Welcome to another week.

Leaked guidelines from Facebook have emerged which confirm that the social media platform will not delete videos of abortion, self harm or violent death. However, it will remove controversial materials under certain circumstances.

The guidelines, whilst designed to protect freedom of expression, could be viewed as contradictory. The leaked documents reveal that whilst Facebook will allow videos of abortions, it will only allow such videos if there is no nudity. They also conform that ‘handmade’ art showing nudity and sexual activity is also allowed, but digitally made art showing sexual activity is not.

Comments such as “Little girl needs to keep to herself before daddy breaks her face,” are allowed because Facebook takes the view that “violent language is most often not credible until specificity of language gives us a reasonable ground to accept that there is no longer simply an expression of emotion but a transition to a plot or design…. From this perspective language such as ‘I’m going to kill you’ or ‘F*** off and die’ is not credible and is a violent expression of dislike and frustration.”

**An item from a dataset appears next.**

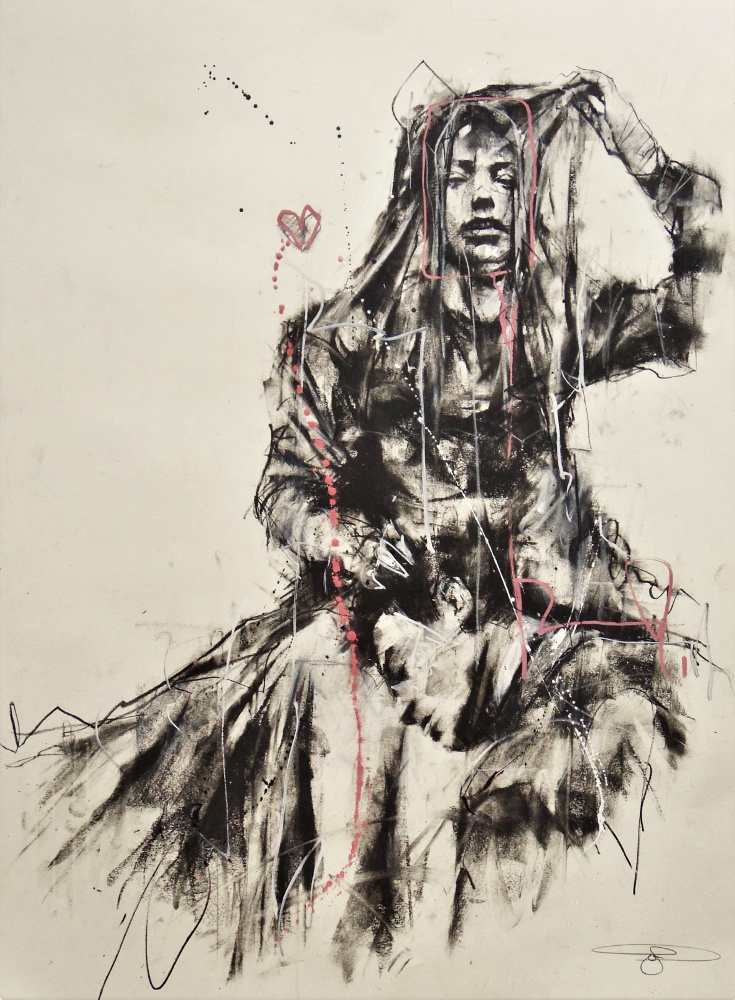 ‘the great escape’, conte, pastel and paint-pen on paper, 40 x 50 cm, 2018

The Telegraph reports that:

“Yvette Cooper, a former Labour Cabinet minister who chaired the House of Commons home affairs select committee in the last parliament, said the leaks “show why we were right to call on social media companies to urgently review their community guidelines as too much harmful and dangerous content is getting through”.

She said: “In most cases the reality of sharing vile and violent images of violence and child abuse simply perpetuates the humiliation and abuse of a child.